About this exercise →
In the entries that follow, the lines from the one with "Four groups of" through the one with "Seller is motivated---Price" are the ones to write out, exactly and with both ends included. Nothing else should appear.

Excerpted data START

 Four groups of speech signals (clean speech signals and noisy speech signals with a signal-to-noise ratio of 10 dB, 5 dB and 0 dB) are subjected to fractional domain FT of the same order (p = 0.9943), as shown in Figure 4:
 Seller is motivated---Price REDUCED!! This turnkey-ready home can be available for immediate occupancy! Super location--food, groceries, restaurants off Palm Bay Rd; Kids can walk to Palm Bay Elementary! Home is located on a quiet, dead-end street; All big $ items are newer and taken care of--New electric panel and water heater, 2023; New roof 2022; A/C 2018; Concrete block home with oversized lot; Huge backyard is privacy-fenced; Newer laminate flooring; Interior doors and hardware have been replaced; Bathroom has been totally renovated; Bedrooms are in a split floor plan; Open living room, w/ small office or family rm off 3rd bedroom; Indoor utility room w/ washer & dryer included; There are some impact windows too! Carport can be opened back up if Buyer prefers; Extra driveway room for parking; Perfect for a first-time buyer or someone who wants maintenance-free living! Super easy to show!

Excerpted data END
Excerpted data START

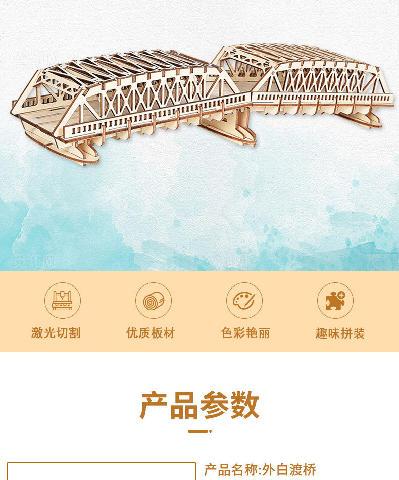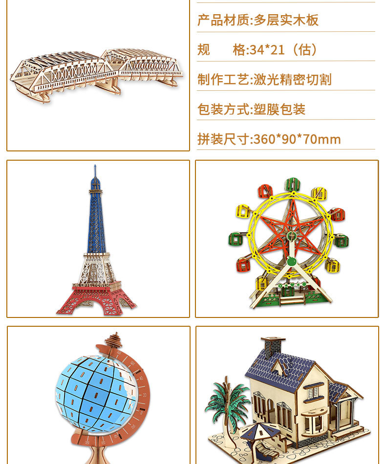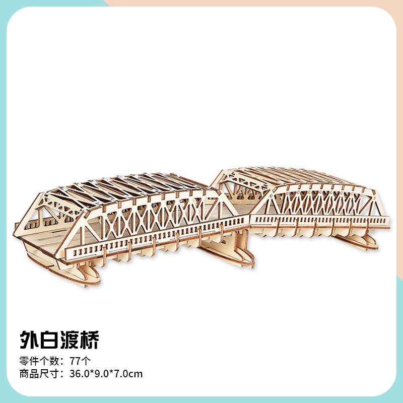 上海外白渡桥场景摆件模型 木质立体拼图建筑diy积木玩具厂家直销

Excerpted data END
Excerpted data START

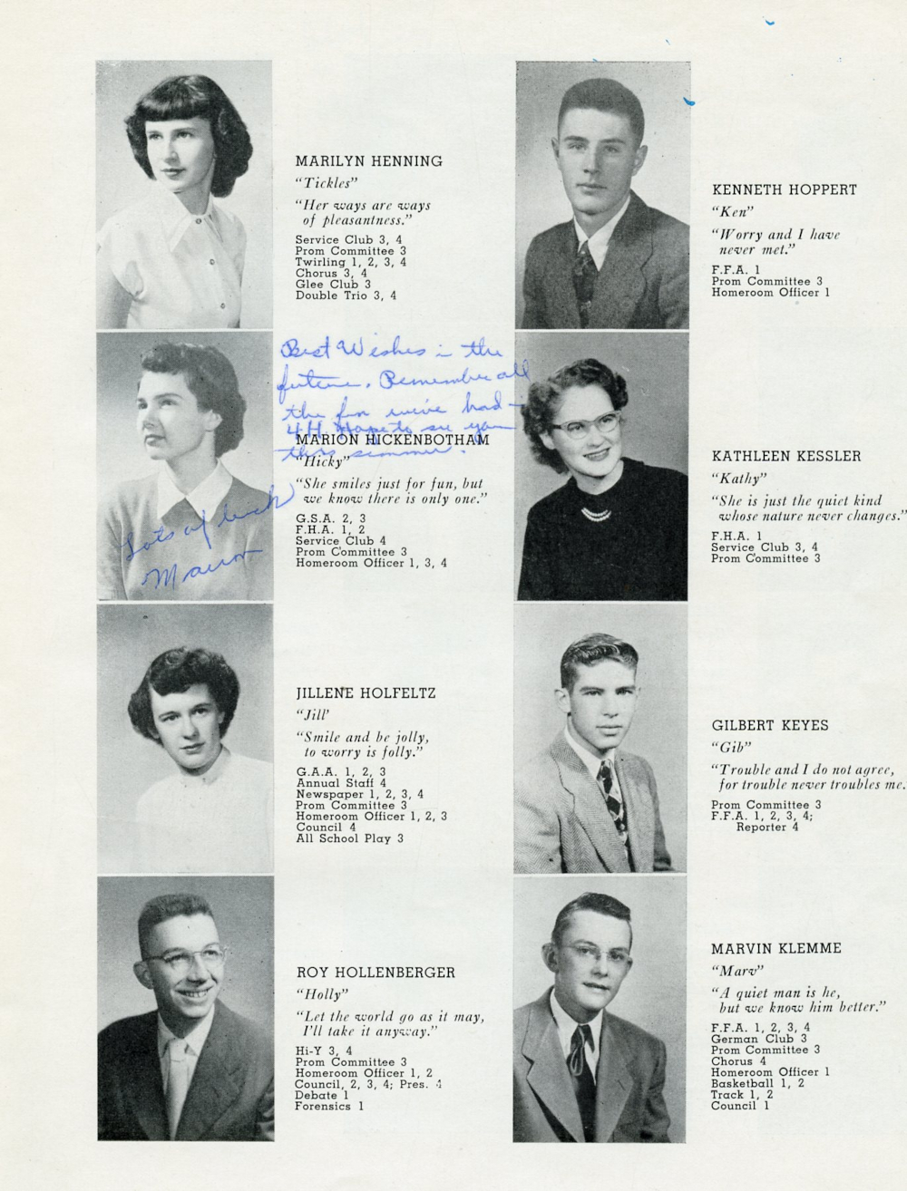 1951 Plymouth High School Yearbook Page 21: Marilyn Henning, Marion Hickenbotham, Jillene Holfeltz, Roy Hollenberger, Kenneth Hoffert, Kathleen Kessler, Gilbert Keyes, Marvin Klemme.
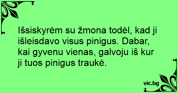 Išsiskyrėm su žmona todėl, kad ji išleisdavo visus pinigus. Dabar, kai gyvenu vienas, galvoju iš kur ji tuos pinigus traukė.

Excerpted data END

Task response →
 Four groups of speech signals (clean speech signals and noisy speech signals with a signal-to-noise ratio of 10 dB, 5 dB and 0 dB) are subjected to fractional domain FT of the same order (p = 0.9943), as shown in Figure 4:
 Seller is motivated---Price REDUCED!! This turnkey-ready home can be available for immediate occupancy! Super location--food, groceries, restaurants off Palm Bay Rd; Kids can walk to Palm Bay Elementary! Home is located on a quiet, dead-end street; All big $ items are newer and taken care of--New electric panel and water heater, 2023; New roof 2022; A/C 2018; Concrete block home with oversized lot; Huge backyard is privacy-fenced; Newer laminate flooring; Interior doors and hardware have been replaced; Bathroom has been totally renovated; Bedrooms are in a split floor plan; Open living room, w/ small office or family rm off 3rd bedroom; Indoor utility room w/ washer & dryer included; There are some impact windows too! Carport can be opened back up if Buyer prefers; Extra driveway room for parking; Perfect for a first-time buyer or someone who wants maintenance-free living! Super easy to show!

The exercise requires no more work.